# Problem details:
Below this line are records; write out exactly the lines from the one containing "304ステンレスのバターナイ" through the one containing "Приходила к нам", with the pictures left out.

(Stored dataset items)

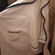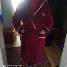 Shipping fast. Packed perfectly. The robe took on a size of 48-50 height 164. The length is below the knee by 7 cm. The smell of the robe looks good. it was possible to size smaller. The shoulders are lowered and therefore the sleeves are long. But the reviews could be short and with a small smell. Inside there are ribbons for tying. the material is soft and pleasant to the body. the edging on the model is sewn over. And here it is in the edge of the collar. Evaluation to store 5.
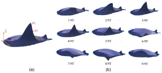 (a) Motion sequence diagram of manta robot with the pectoral fin feature points of manta ray; (b) Performance of forward swimming (after optimization).
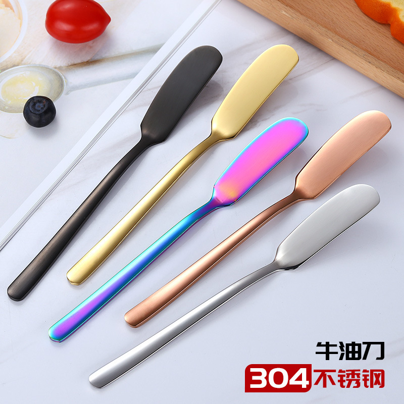 304ステンレスのバターナイフの長い取っ手のジャムのバターは刀の洋食の食器のクリームを塗って花の刀のメーカーを表装して卸売りします。
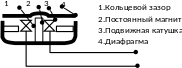 Электродинамический катушечный микрофон, работает следующим образом. В кольцевом зазоре 1 магнитной системы, имеющей постоянный магнит 2, находится подвижная катушка 3, скрепленная с диафрагмой 4. Воздействие звуковых волн приводит к колебаниям диафрагмы. Вследствие изменения напряженности магнитного поля относительно витков катушки возникает электромагнитная индукция. На выводах катушки возникает электрический сигнал. Процесс преобразования звука такой конструкцией так же обратим, возможно использование в качестве формирователя звука.
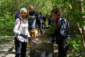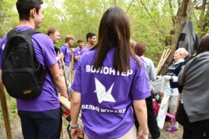 Приходила к нам на помощь Ольга Чусова, представитель команды волонтёров «Серебряные экскурсоводы», провела экскурсию о родниках города Томска. Присоединились к группе волонтёры-самовыдвиженцы. Ребята так себя сами обозначали и сообщили, что объявление о расчистке Воскресенского ключа просто увидели в интернете и пожелали остаться инкогнито. Но оказалось, что многие знают друг друга по другим экологическим акциям, а лично не были знакомы. Познакомила их работа в команде: мешки надо наполнять, а мусор собирать нужна пара. И сразу вспоминаешь сказку Эдуарда Успенского « Чебурашка». Надо отметить, по объявлению к нам присоединились и ветераны боевых действий команды «Друзья Чебурашки», руководитель – Дмитрий Корецкий.
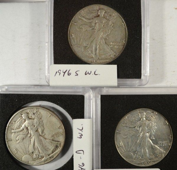 1946 P, D, & S SET OF WALKING LIBERTY HALVES ALL XF/AU
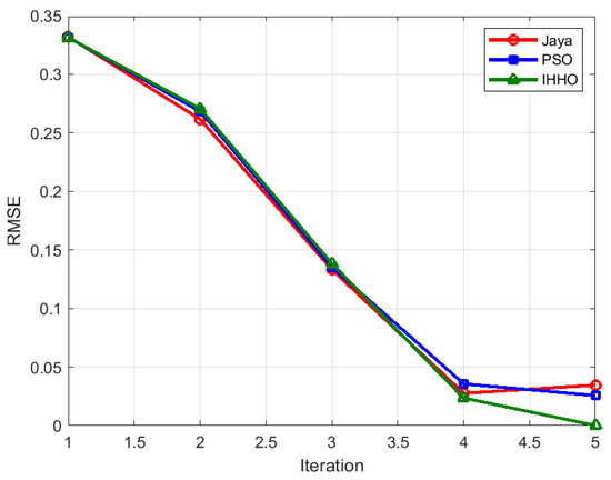 As shown in Figure 9, the RMSE of IHHO drops more rapidly than that of PSO and Jaya between the third and fourth iterations, reaching a lower error value earlier. This indicates that IHHO achieves faster convergence.
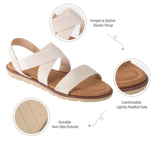 Women's Elastic Flat Sandals - Comfort Open Toe Elastic ankle strap Slip on Casual Walking Summer Shoes
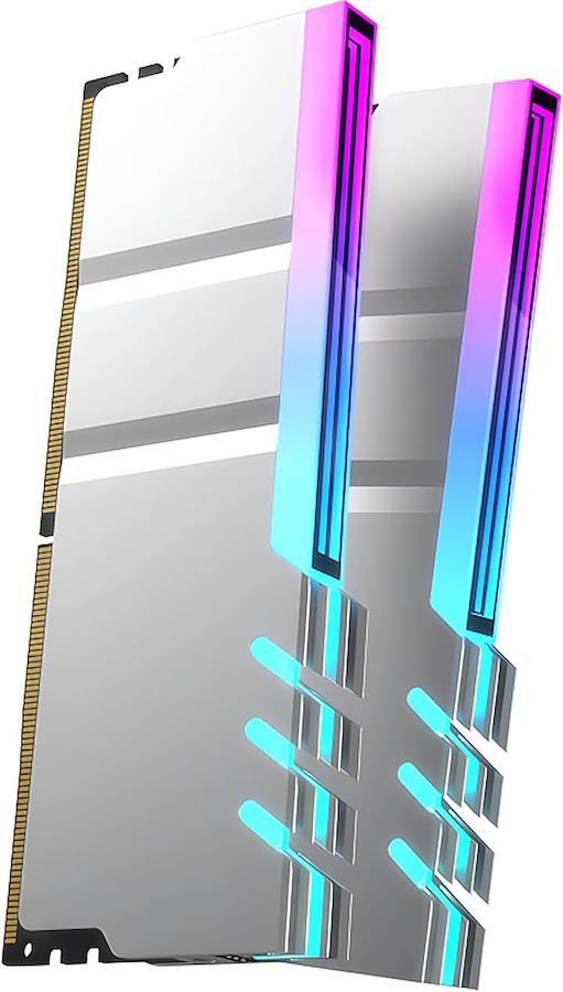 「特徴」上部がインフィニティーミラー構造となっており、LED発光しゲーミングPCをスタイリッシュに彩ります。アルミニウム素材の本体はメモリの冷却効果があり、性能アップに繋がります。
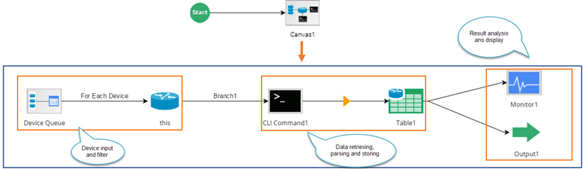 A Canvas contains an independent workflow from retrieving device data to analyzing data to outputting results. Canvas consists of multiple nodes and their relations as well as functions are illustrated as follows:
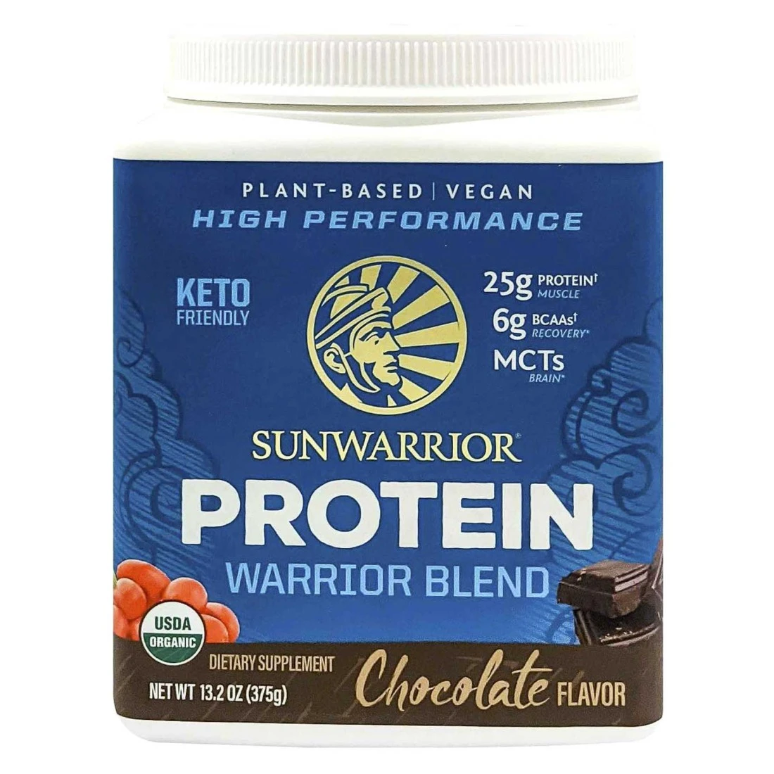 صن واريور مسحوق بروتين عضوي واريور بلند مكمل بنكهة شكولاته 375غرام
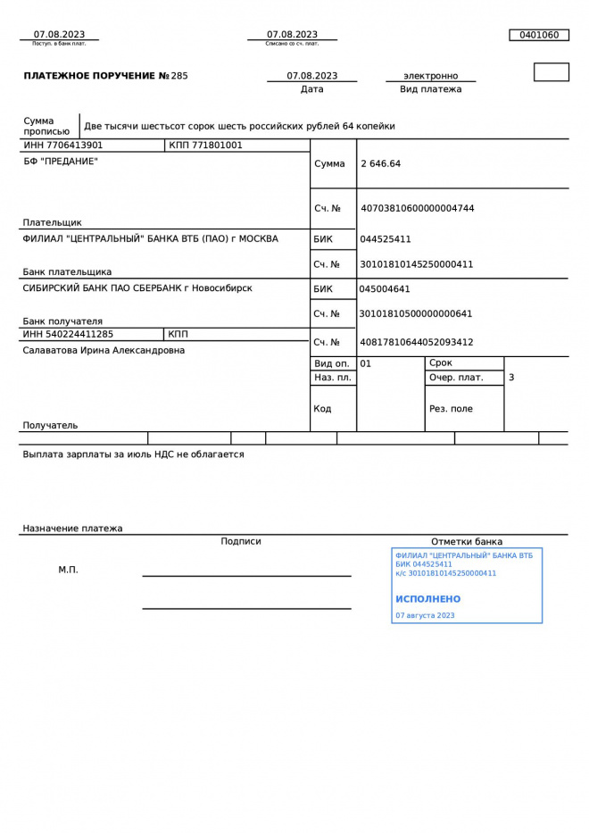 Перечисление заработной платы и отпускных сотрудникам за июль 2023 г.

# Exercise result:
 304ステンレスのバターナイフの長い取っ手のジャムのバターは刀の洋食の食器のクリームを塗って花の刀のメーカーを表装して卸売りします。
 Электродинамический катушечный микрофон, работает следующим образом. В кольцевом зазоре 1 магнитной системы, имеющей постоянный магнит 2, находится подвижная катушка 3, скрепленная с диафрагмой 4. Воздействие звуковых волн приводит к колебаниям диафрагмы. Вследствие изменения напряженности магнитного поля относительно витков катушки возникает электромагнитная индукция. На выводах катушки возникает электрический сигнал. Процесс преобразования звука такой конструкцией так же обратим, возможно использование в качестве формирователя звука.
 Приходила к нам на помощь Ольга Чусова, представитель команды волонтёров «Серебряные экскурсоводы», провела экскурсию о родниках города Томска. Присоединились к группе волонтёры-самовыдвиженцы. Ребята так себя сами обозначали и сообщили, что объявление о расчистке Воскресенского ключа просто увидели в интернете и пожелали остаться инкогнито. Но оказалось, что многие знают друг друга по другим экологическим акциям, а лично не были знакомы. Познакомила их работа в команде: мешки надо наполнять, а мусор собирать нужна пара. И сразу вспоминаешь сказку Эдуарда Успенского « Чебурашка». Надо отметить, по объявлению к нам присоединились и ветераны боевых действий команды «Друзья Чебурашки», руководитель – Дмитрий Корецкий.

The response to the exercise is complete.